Kitabın
kahramanlarından Marion Agnès kocası tarafından çocuğu olmadığı için terk
edilince Paris’ten İstanbul’a döner. Maddi nedenlerden dolayı yıllar önce
ayrıldığı Saint-Joseph Lisesinde yeniden öğretmenlik yapmaya başlar.

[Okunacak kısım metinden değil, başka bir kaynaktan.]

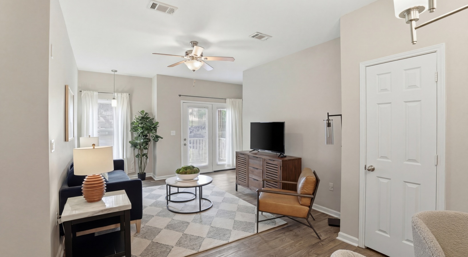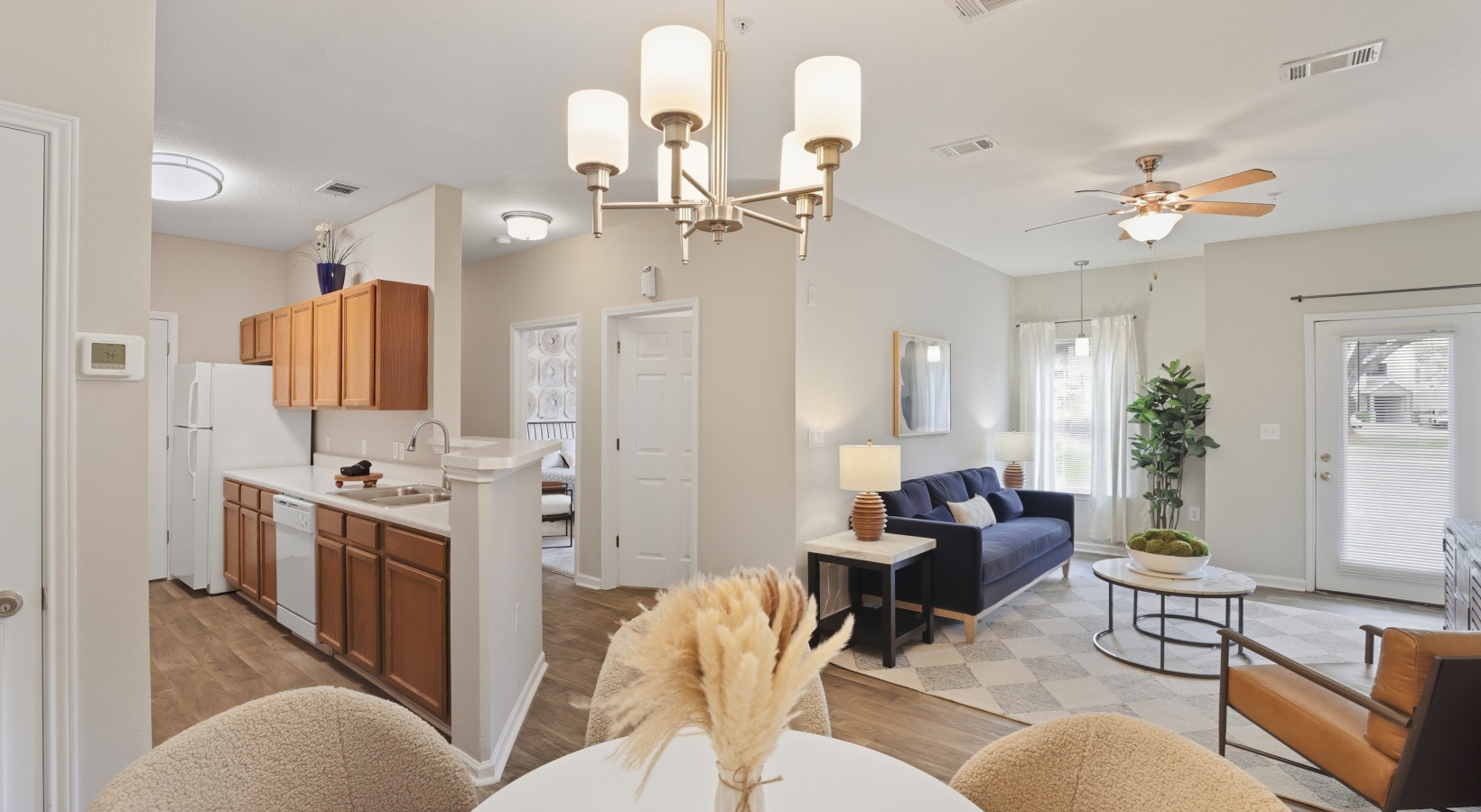 bathroom with counter and toilet bedroom with lots of natural lighting closet with jackets kitchen with black appliances patio with plant and chairs bathroom with wall shelves dining room with table and chairs spacious bedroom with closet living room with modern furniture and natural lighting kitchen with black appliances dining area with table and chairs large living room with modern furniture Private Bath Suite In-Home Laundry Suite Formal Living Suite Open Living Space Entertainer’s Kitchen Culinary Suite Open-Concept Kitchen Formal Living Suite Owner’s Suite Primary Retreat Personal Haven Personal Haven Your Personal Restful Space Guest Suite Guest Suite Bathroom Living and dining room featuring a blue-white themed sofa and a dining set for three people Dining room and kitchen featuring three chairs, one table, and a chandelier Renovated kitchen featuring a sink in front of the kitchen stove Modern living room with blue and white themed sofas and artwork on the wall Renovated bedroom featuring white walls, gray pillows, and a floral design blanket Kitchen room with stove next to refrigerator Renovated bathroom with white toilet and sink, accompanied by a gray cabinet Kitchen area with white stove and wooden cabinets Side view of kitchen area with white stove, microwave, and wooden cabinet
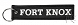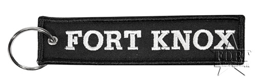 Breloczek z haftowanym napisem FORT KNOX na obydwu stronachoraz z metalowym kółkiem np. do kluczy - o średnicy 4 cm.
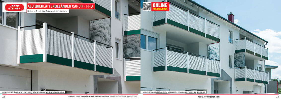 ALU QUERLATTENGELÄNDER CARDIFF PRO - WEISS & GRÜN - MIT HANDLAUF & STIRNSEITIGER VERBLENDUNG
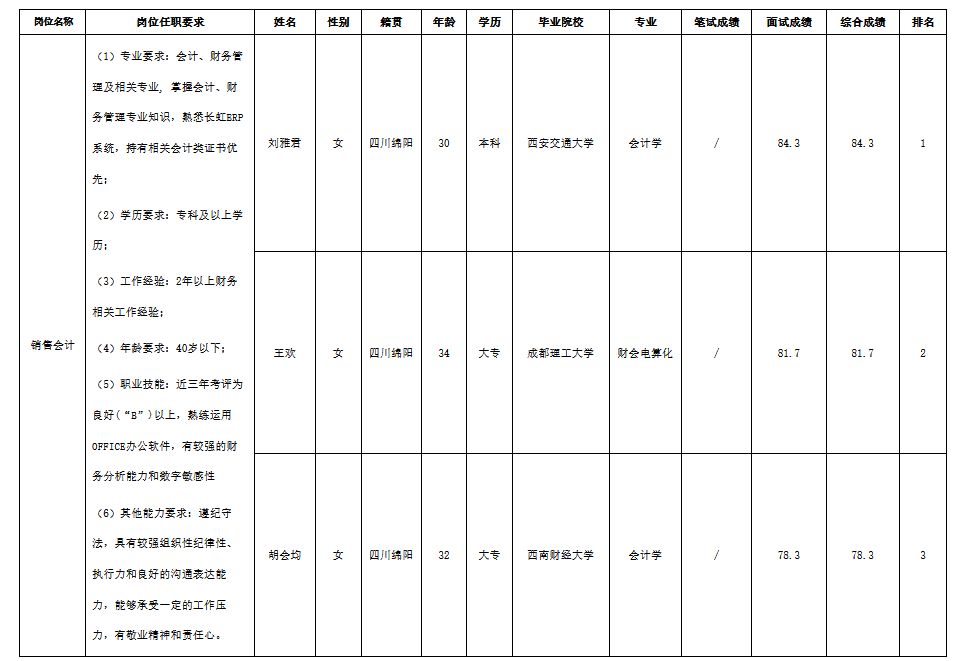 根據(jù)四川愛(ài)創(chuàng)科技有限公司-財(cái)務(wù)管理部發(fā)布的招聘公告及招聘相關(guān)規(guī)定,經(jīng)面試,現(xiàn)將面試成績(jī)予以公示。

Çevresinden soyutlanmış yalnız ve harap bir haldedir. Durumunun farkında olan
en yakın arkadaşı Emili onu eski günlerine döndürmek amacıyla bir arkadaş
gecesi tertipler ama Marion Agnès davetliler arasında eski kocasının kuzeninin
olduğundan habersizdir. Buluşma felakete doğru sürüklenirken karşısına Ronay
Karagül çıkar. Gecenin içinde bir ışık yansıması gibidir genç delikanlı. Ancak
sosyetenin zengin çocuğu, sınıf arkadaşları tarafından nefret edilen, duygusuz
ve acımasız biri olarak tanınmaktadır. O gece iki ayrı dünya, deniz kenarında
yan yana gelir. Marion Agnès şimdiye kadar kimsenin fark etmediği bir şeyi fark
eder, delikanlı yüreğinde bir şeyler gizlemektedir. Rıhtımdan ayrıldıklarında
ikisinin de içinde bir umut yeşermeye başlar. Marion Agnès kendi sorunlarını
bir kenara bırakarak genç delikanlıya yardım etmeye karar verir ama Ronay’ın
yüreğindeki fırtınanın gücünden habersizdir.